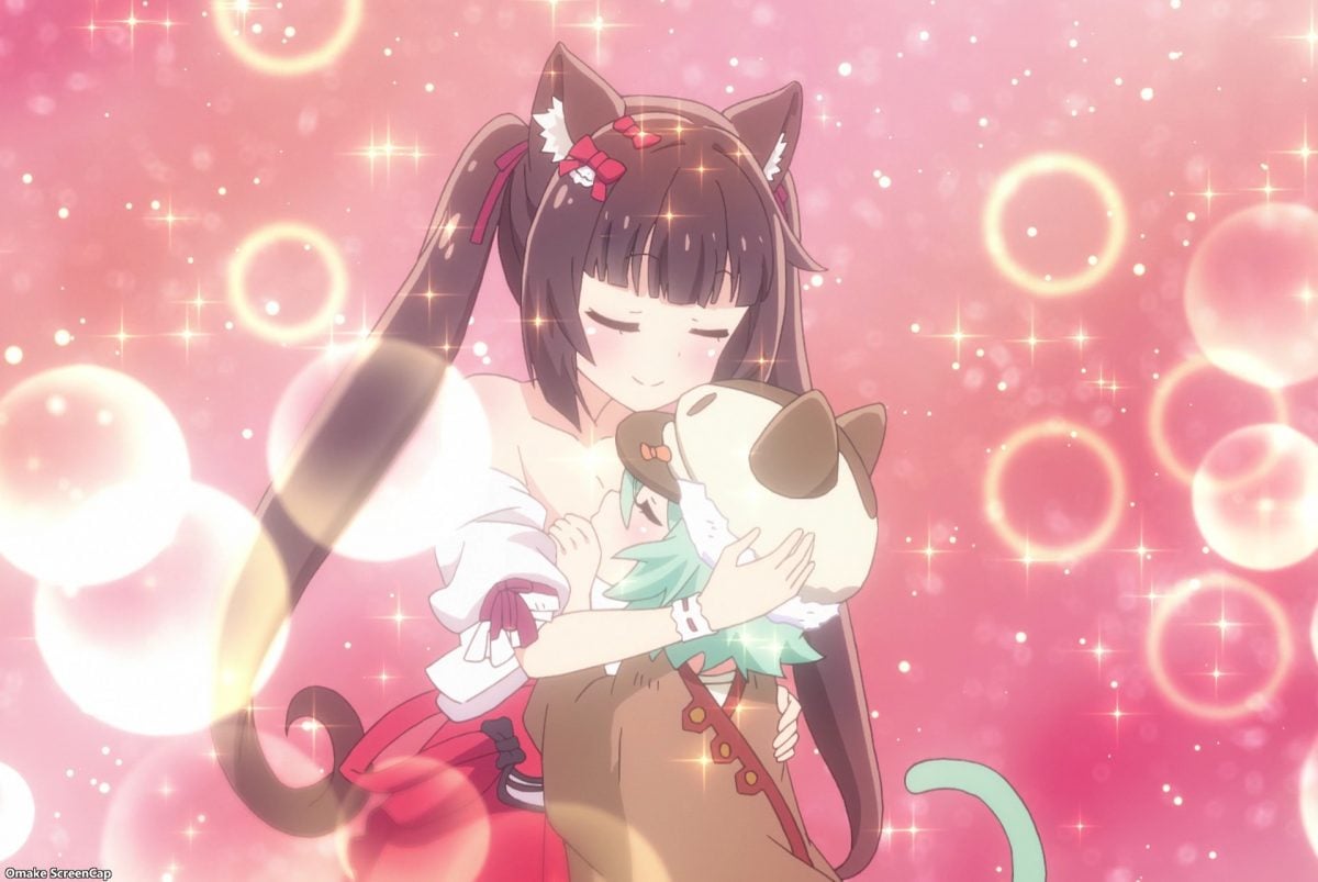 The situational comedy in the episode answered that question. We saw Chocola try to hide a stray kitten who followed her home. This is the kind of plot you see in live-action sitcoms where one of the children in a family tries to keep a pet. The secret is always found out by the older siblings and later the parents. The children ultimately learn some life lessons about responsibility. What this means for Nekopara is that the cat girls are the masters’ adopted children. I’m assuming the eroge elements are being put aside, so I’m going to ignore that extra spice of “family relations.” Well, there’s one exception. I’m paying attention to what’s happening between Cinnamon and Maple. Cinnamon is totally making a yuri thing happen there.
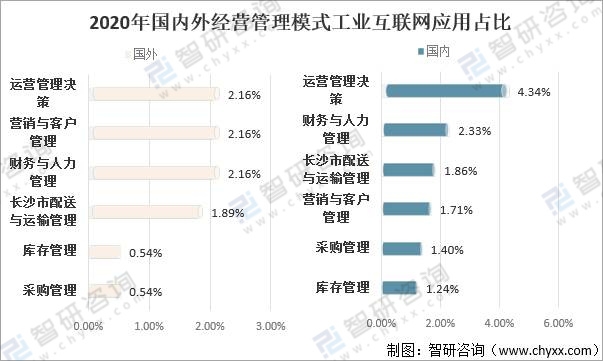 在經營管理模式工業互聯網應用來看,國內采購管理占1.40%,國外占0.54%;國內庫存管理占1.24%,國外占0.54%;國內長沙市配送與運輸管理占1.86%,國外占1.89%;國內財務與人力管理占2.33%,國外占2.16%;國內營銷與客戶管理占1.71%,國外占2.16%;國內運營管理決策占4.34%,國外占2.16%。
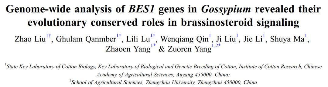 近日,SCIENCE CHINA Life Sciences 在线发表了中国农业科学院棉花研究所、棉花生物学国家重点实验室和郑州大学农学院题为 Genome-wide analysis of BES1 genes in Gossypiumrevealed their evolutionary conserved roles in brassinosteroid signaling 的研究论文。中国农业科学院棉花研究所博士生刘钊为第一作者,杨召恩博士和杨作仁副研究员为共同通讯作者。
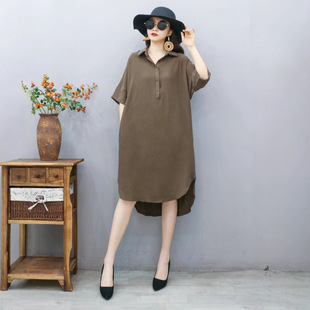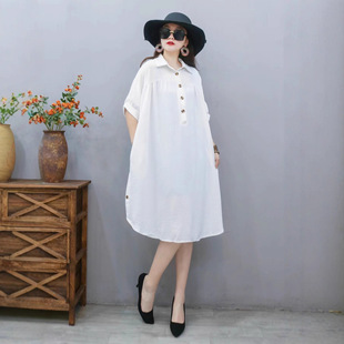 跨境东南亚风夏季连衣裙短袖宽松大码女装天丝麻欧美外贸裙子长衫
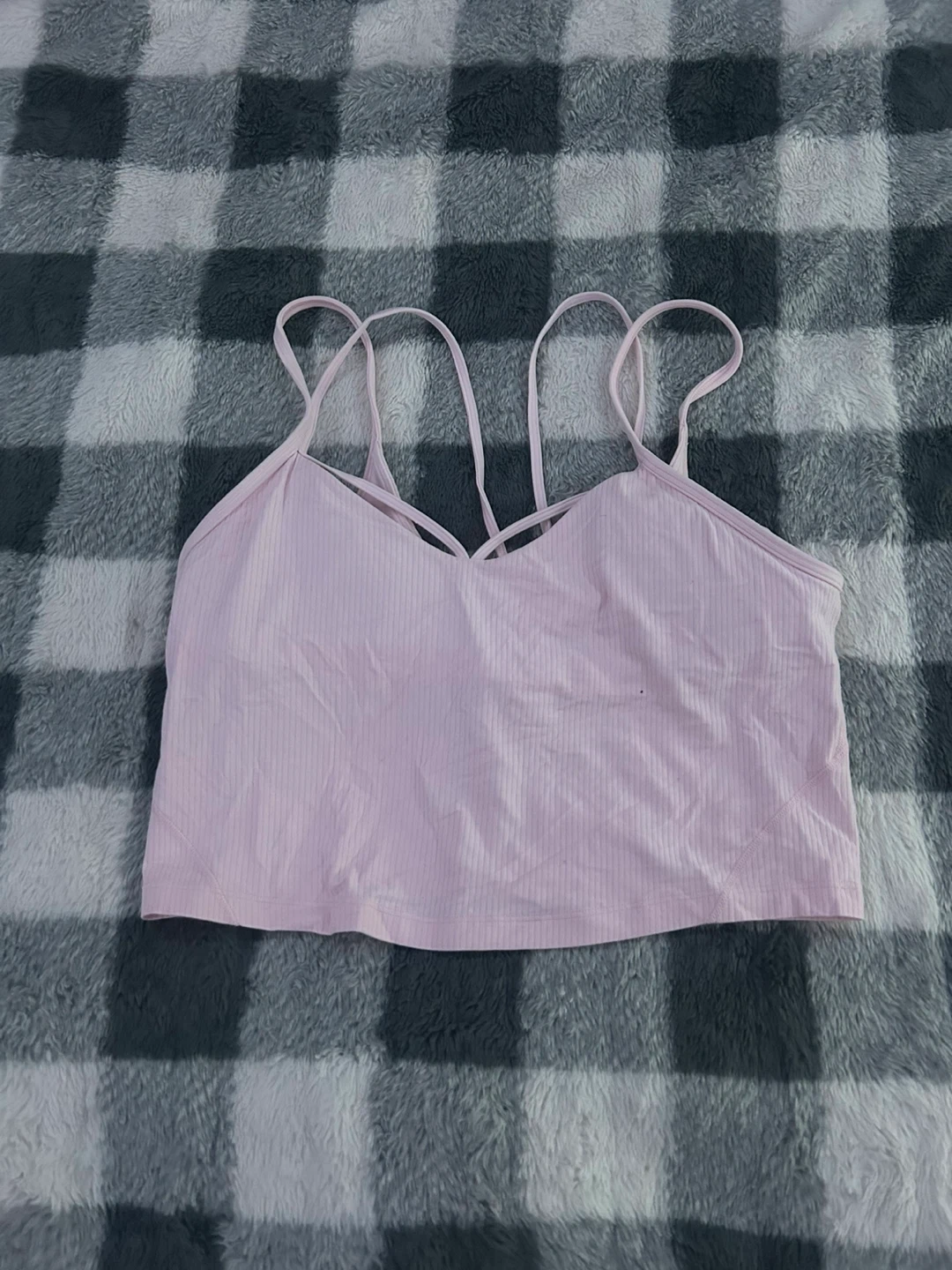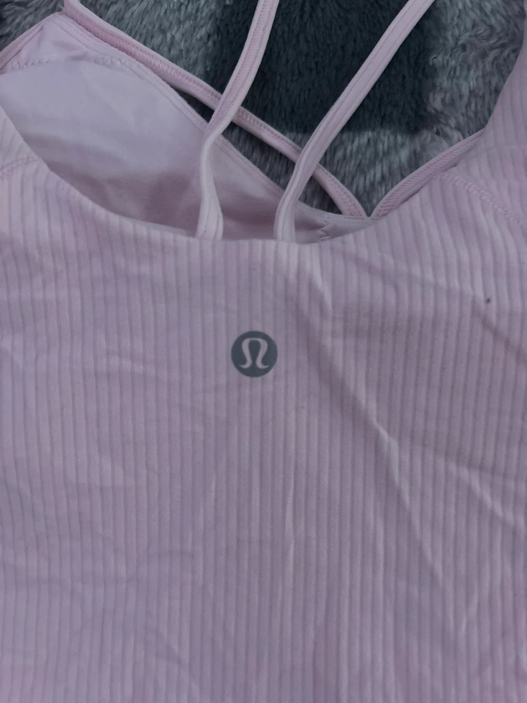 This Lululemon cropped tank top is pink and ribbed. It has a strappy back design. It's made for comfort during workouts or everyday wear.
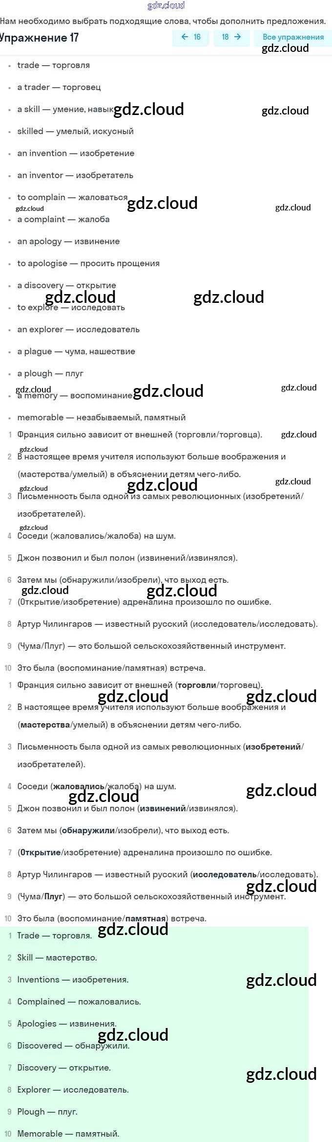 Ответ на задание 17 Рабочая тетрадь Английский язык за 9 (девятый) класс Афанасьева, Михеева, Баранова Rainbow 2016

-----

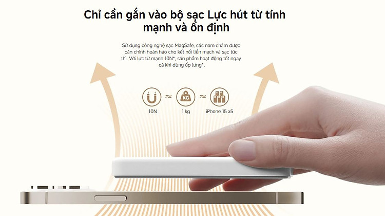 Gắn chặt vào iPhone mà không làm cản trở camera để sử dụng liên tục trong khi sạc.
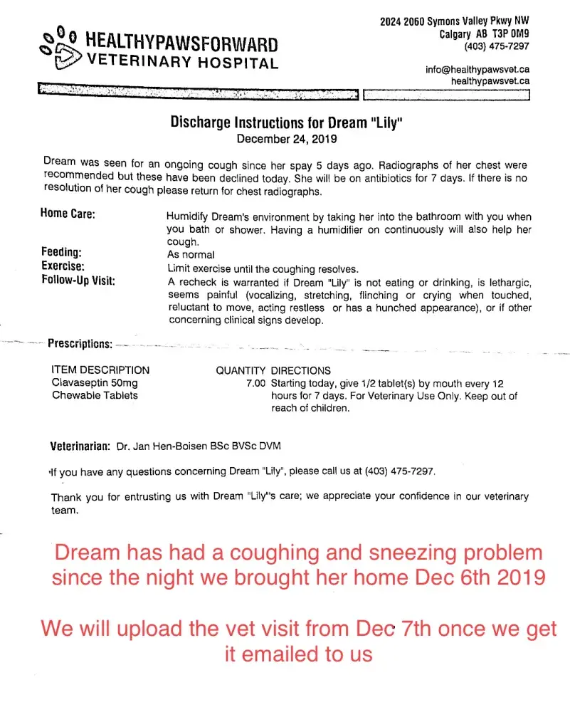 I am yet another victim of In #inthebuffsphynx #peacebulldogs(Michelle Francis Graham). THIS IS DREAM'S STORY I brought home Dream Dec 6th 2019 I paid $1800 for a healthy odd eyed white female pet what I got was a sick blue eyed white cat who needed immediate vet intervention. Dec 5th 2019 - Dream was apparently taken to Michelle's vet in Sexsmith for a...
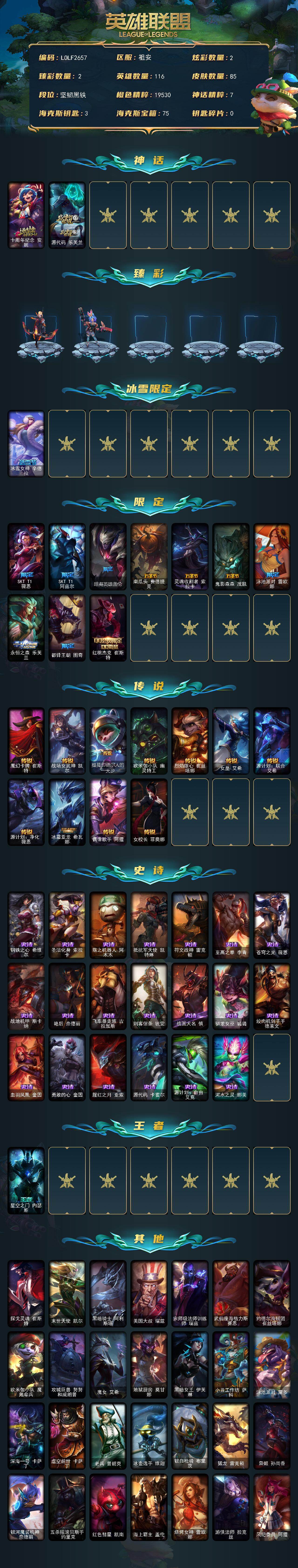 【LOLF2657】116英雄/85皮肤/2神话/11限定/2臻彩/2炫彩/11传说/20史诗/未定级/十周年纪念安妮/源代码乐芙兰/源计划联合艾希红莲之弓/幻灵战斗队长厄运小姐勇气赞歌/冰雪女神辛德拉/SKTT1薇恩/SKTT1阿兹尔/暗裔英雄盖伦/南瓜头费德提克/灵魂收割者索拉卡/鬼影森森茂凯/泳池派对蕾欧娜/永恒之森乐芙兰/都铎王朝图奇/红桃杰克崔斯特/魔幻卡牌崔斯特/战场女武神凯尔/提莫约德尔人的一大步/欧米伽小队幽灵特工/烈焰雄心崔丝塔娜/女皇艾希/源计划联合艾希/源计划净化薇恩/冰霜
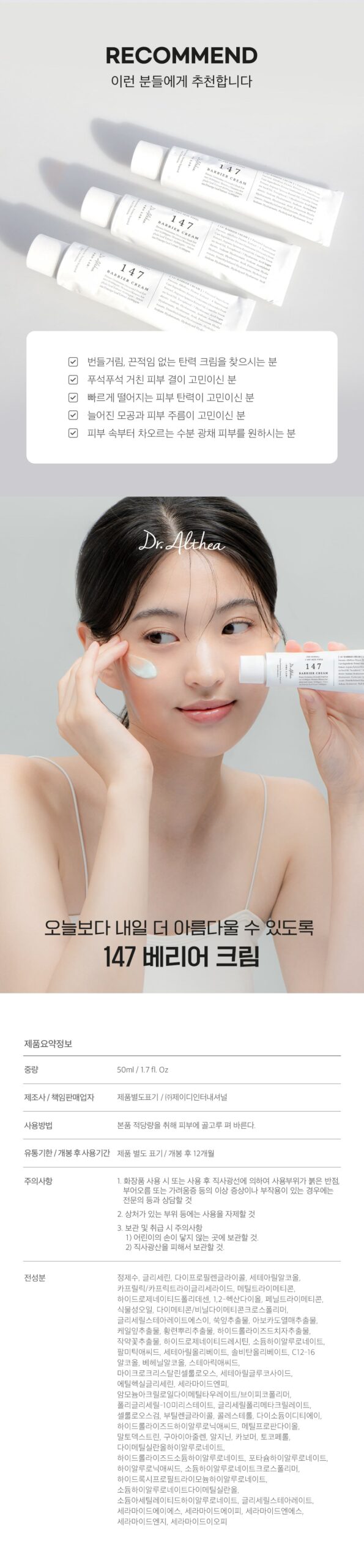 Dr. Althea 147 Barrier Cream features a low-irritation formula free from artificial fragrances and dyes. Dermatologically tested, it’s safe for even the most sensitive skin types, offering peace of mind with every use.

-----

:: The problem ::
Would you please reproduce the entries above, starting at the line with "Gắn chặt vào" and stopping after the line with "I am yet another"? Omit any pictures.

:: Result for this exercise ::
 Gắn chặt vào iPhone mà không làm cản trở camera để sử dụng liên tục trong khi sạc.
 I am yet another victim of In #inthebuffsphynx #peacebulldogs(Michelle Francis Graham). THIS IS DREAM'S STORY I brought home Dream Dec 6th 2019 I paid $1800 for a healthy odd eyed white female pet what I got was a sick blue eyed white cat who needed immediate vet intervention. Dec 5th 2019 - Dream was apparently taken to Michelle's vet in Sexsmith for a...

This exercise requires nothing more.